Data excerpts:
::::

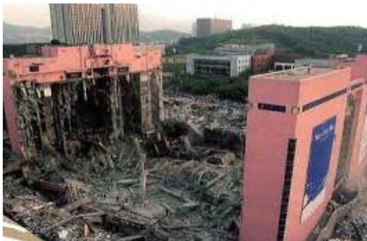
Figure 8 – Collapse of the Sampoong shopping center, Seoul, South Korea, 1995

It is impossible to ignore the most serious accidents over the past two decades, which resulted in dozens, but not hundreds of casualties and thousands of wounded. These include the Sampoong shopping center collapse in Seoul (South Korea). On June 9, 1995, one of South Korea's largest buildings - the largest supermarket in Seoul, Sampoong, collapsed. Under the building ruins, 502 people died, 937 were injured and serious injuries. According to the investigation, it was discovered that a building whose collapse lasted only 20 seconds collapsed due to a number of reasons, the main of which were violations of building codes (Fig. 8).
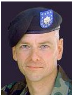
OKLAHOMA SENATOR LT. COL. STEVE RUSSELL, US ARMY RETIRED

The OSDN Board of Directors announced the 1st Annual Heroes Breakfast fund raiser. The purpose of the event is to honor Outstanding Veterans, our heroes.
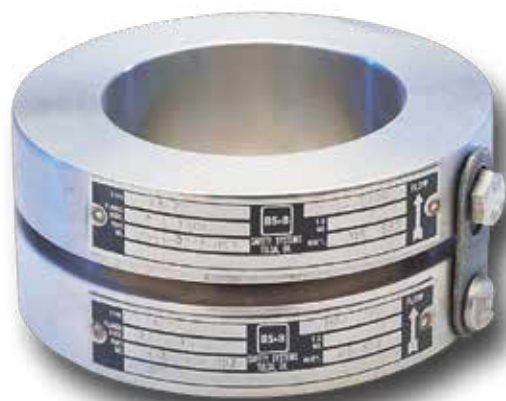
BS&B FA-7R Quik-Sert safety head - flanges are assembled with side mounted pre-assembly in sizes through 8 inch (200 mm) with recessed cap screws in 10 inch (250 mm) nominal size and up

Standard materials for bolted type safety heads are carbon steel, 304 and 316 stainless steel. Special materials include Monel®, nickel, Hastelloy® B and C, aluminum, brass and other types of stainless steel. Glass-lined base and plastic-coated are also available.

::::

TASK ITEM
Please repeat each record above precisely, with the pictures left out.

WRITTEN RESPONSE
Figure 8 – Collapse of the Sampoong shopping center, Seoul, South Korea, 1995

It is impossible to ignore the most serious accidents over the past two decades, which resulted in dozens, but not hundreds of casualties and thousands of wounded. These include the Sampoong shopping center collapse in Seoul (South Korea). On June 9, 1995, one of South Korea's largest buildings - the largest supermarket in Seoul, Sampoong, collapsed. Under the building ruins, 502 people died, 937 were injured and serious injuries. According to the investigation, it was discovered that a building whose collapse lasted only 20 seconds collapsed due to a number of reasons, the main of which were violations of building codes (Fig. 8).
OKLAHOMA SENATOR LT. COL. STEVE RUSSELL, US ARMY RETIRED

The OSDN Board of Directors announced the 1st Annual Heroes Breakfast fund raiser. The purpose of the event is to honor Outstanding Veterans, our heroes.
BS&B FA-7R Quik-Sert safety head - flanges are assembled with side mounted pre-assembly in sizes through 8 inch (200 mm) with recessed cap screws in 10 inch (250 mm) nominal size and up

Standard materials for bolted type safety heads are carbon steel, 304 and 316 stainless steel. Special materials include Monel®, nickel, Hastelloy® B and C, aluminum, brass and other types of stainless steel. Glass-lined base and plastic-coated are also available.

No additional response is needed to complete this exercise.